我根據LMSYS提供的排名,為我們的項目選擇了模型組織。我的選擇標準包括卓越的性能、在HuggingFace Hub上的可用性、以及能在單個T4 GPU上執行實時推理的能力。我們最終選擇的型號是由Nous Research提供的Nous-Hermes-13b,該型號接受了GPT-4合成數據的訓練。為了提高推理速度,我們決定使用量化模型。

幸運的是,這個模型在HuggingFace Hub上有一個量化版本,因此我們可以使用AutoGPTQ庫來加載它。我們將使用的量化模型是4位的,由TheBloke提供。現在,讓我們來加載它:

DEVICE = "cuda:0" if torch.cuda.is_available() else "cpu"

model_name_or_path = "TheBloke/Nous-Hermes-13B-GPTQ"
model_basename = "nous-hermes-13b-GPTQ-4bit-128g.no-act.order"

tokenizer = AutoTokenizer.from_pretrained(model_name_or_path, use_fast=True)

model = AutoGPTQForCausalLM.from_quantized(
model_name_or_path,
model_basename=model_basename,
use_safetensors=True,
trust_remote_code=True,
device=DEVICE,
)

generation_config = GenerationConfig.from_pretrained(model_name_or_path)

請注意,我們需要明確指定想要加載的文件,并且還要設置model_basename參數。此外,我們還加載了對應的分詞器(tokenizer)和生成配置。

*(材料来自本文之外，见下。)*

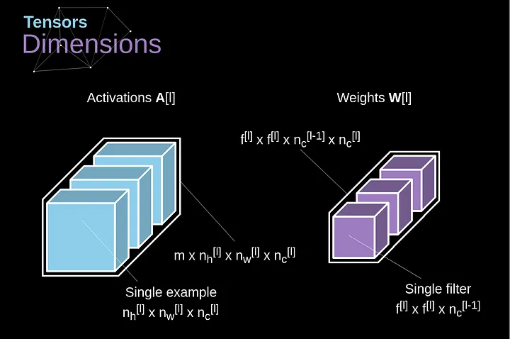 Chegou finalmente o momento de usar tudo o que aprendemos hoje e construir uma única camada de nossa CNN. Nossa metodologia é quase idêntica àquela que usamos para redes neurais densamente conectadas, a única diferença é que, em vez de usar uma simples multiplicação de matrizes, desta vez usaremos a convolução. A propagação para frente consiste em duas etapas. A primeira é calcular o valor intermediário Z, que é obtido como resultado da convolução dos dados de entrada da camada anterior com o tensor W (contendo os filtros), e então adicionar o viés b. A segunda etapa é a aplicação de uma função de ativação não linear ao nosso valor intermediário (nossa ativação é denotada por g). Os entusiastas de equações matriciais encontrarão fórmulas matemáticas apropriadas abaixo. Se alguma das operações em questão não estiver clara para você, recomendo muito meu artigo anterior, no qual discuto detalhadamente o que está acontecendo dentro das redes neurais densamente conectadas. Aliás, na ilustração abaixo, você pode ver uma pequena visualização descrevendo as dimensões dos tensores usados na equação.

為了測試模型,我們需要按照模型所使用的標準格式來格式化輸入提示,這與處理LLaMa模型時的要求相似:

question = (
"Which programming language is more suitable for a beginner: Python or JavaScript?"
)
prompt = f"""
### Instruction: {question}
### Response:
""".strip()

讓我們運行prompt命令來修改tokenizer和模型:

%%time
input_ids = tokenizer(prompt, return_tensors="pt").input_ids.to(DEVICE)
with torch.inference_mode():
output = model.generate(inputs=input_ids, temperature=0.7, max_new_tokens=512)
CPU times: user 3.59 s, sys: 1.1 s, total: 4.69 s
Wall time: 12.4 s

這在單個T4 GPU上花費了大約12秒。讓我們看看模型生成了什么:

print(tokenizer.decode(output[0]))
<s> ### Instruction: Which programming language is more suitable for a
beginner: Python or JavaScript?
### Response:Python is generally considered more suitable for beginners due to
its readability and simplicity compared to JavaScript.</s>

請注意,模型生成了與問題相關的回復。它在回復的開頭添加了一個<s>標記,在回復的結尾添加了一個</s>標記。模型利用這些標記來標明回復的起始和結束。在將回復返回給用戶之前,我們需要將這些標記刪除。

最后,讓我們看看模型的生成配置,看看它使用了什么參數:

generation_config
GenerationConfig {
"_from_model_config": true,
"bos_token_id": 1,
"eos_token_id": 2,
"pad_token_id": 0,
"transformers_version": "4.30.2"
}

構建管道

LangChain通過提供HuggingFacePipeline類,簡化了HuggingFace LLM(大型語言模型)的使用流程。在本例中,我們將利用特定的模型和分詞器來創建一個文本生成管道。此外,我們還將應用文本流處理器,以實現將響應實時地回傳給用戶。該處理器還會負責刪除<s>和</s>標記,以及響應中的提示內容。

streamer = TextStreamer(
tokenizer, skip_prompt=True, skip_special_tokens=True, use_multiprocessing=False
)

pipe = pipeline(
"text-generation",
model=model,
tokenizer=tokenizer,
max_length=2048,
temperature=0,
top_p=0.95,
repetition_penalty=1.15,
generation_config=generation_config,
streamer=streamer,
batch_size=1,
)

llm = HuggingFacePipeline(pipeline=pipe)

讓我們通過管道傳遞提示符來測試它:

response = llm(prompt)
Python is generally considered to be more suitable for beginners due to itsreadability and simplicity compared to JavaScript.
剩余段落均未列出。